I acquired a jet ski trailer, which overall is much better than the marginal spartan trailer I have for my 1648.

I am considering buying some 3x3x1/8 tubing & extending the jet ski trailer tongue.

If I do this, I would like to go a little long so as to get the boat farther in the water during launch.

I would need to add 6 foot of tongue to have the boat fully over trailer frame.

The welding will not be an issue.

I am wondering if there will be any extraordinary loads during towing or other surprises that I am missing.

Your thoughts please!


----------



## eshaw (Aug 30, 2017)

One thing I would investigate would be the rated capacity of the springs under it. It might make a difference if your boat will be fully loaded. If you can figure out the tongue weight it will help you determine the loads the frame is/will see.


----------



## Stumpalump (Aug 30, 2017)

I've drug mine thru hell and back. That's an 18' Grumman. 
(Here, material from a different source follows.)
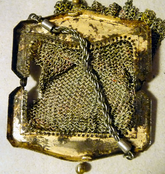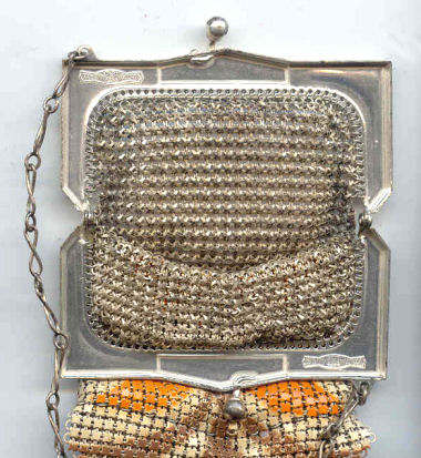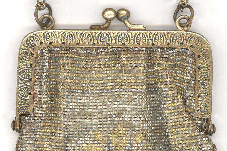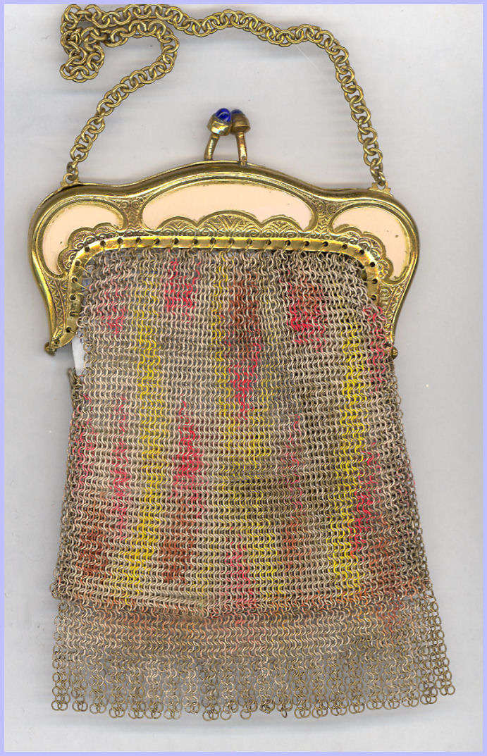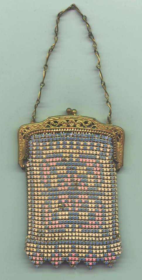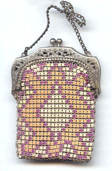 Sweet little Whiting & Davis child's Dresden mesh purse with fancy floral embossed frame. W & D signature is embossed inside the frame. The colors in this little purse are among the prettiest I have ever seen ... it is so reminiscent of a spring rainbow! And the little fringes are just darling. both sides are identical and the mesh is all in very good condition. The armpit opening may be a wee bit enlarged but is symmetrical on both sides and could be original that way ... it's not a detriment in any way. Measures 2-1/2" wide x 3-3/4" long. (Click on pic for more photos.) |

I did a very detailed build thread on the Expedition Portal site. Probably worth getting a screen name to see the pics if you are an outdoorsman anyway and want to see what I ran into. 
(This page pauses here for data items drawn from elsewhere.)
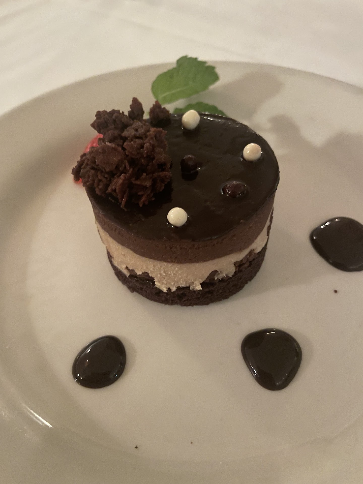 Dessert I had gotten a small chocolate cake with hazelnut. The hazelnut flavor was nonexistent. This was disappointing.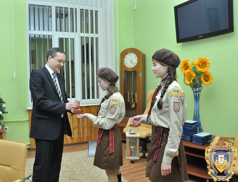 Пластуни передали Вифлеємський вогонь ректору ТДМУ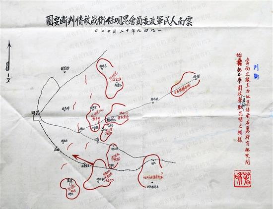昆明起义后由卢汉组建的云南人民临时军政委员会,在昆明受到围攻之际绘制了昆明保卫战敌情判断要图,标明“当面之敌主力似集结于右翼,将有拂晓开始围攻,一举而夺取昆明之模样”。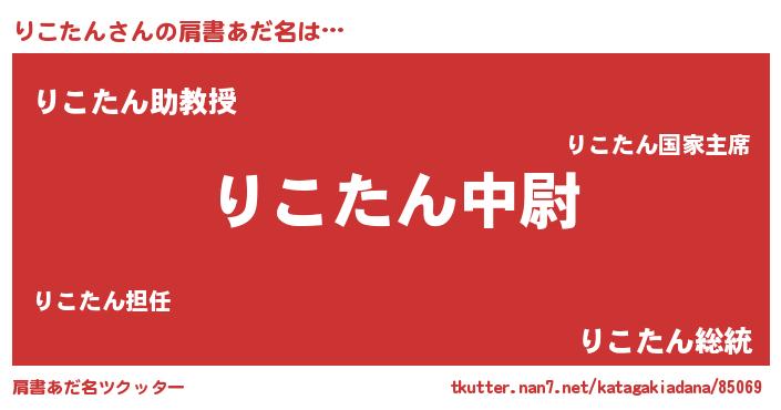| 男性向けラノベタイトル風あだ名 | 『りこたん~年齢イコール彼女いない歴の魔法使い~』 |

https://forum.expeditionportal.com/threads/159299-Fitting-an-18-canoe-on-a-jet-ski-trailer

.
.
.
.


----------



## CedarRiverScooter (Aug 30, 2017)

Thanks Stump for the good info!


----------



## RADAR3321 (Sep 1, 2017)

I currently working through the same issue and some things i have found is, when buying the tubing it may actually be easier (and cheaper) to buy a whole length of metal then the length you want. ie they where going to charge me $80 for a cut 12 foot piece or $90 for a full 24 foot piece. Also since metal is cheap I would replace the whole tongue instead of welding on a length. For me it is as simple as unbolting two bolts and sliding the piece on i want. Hope my headaches make your project easier.


----------



## RaisedByWolves (Oct 8, 2017)

I plan on doing this to my trailer as it dosent have enough tongue between the boat and truck.

Mine is an older tilt trailer so it has about 2.5' of overlap in the frame and Ill just lose the pivot bolt and drill new holes to refit it about a foot longer..


----------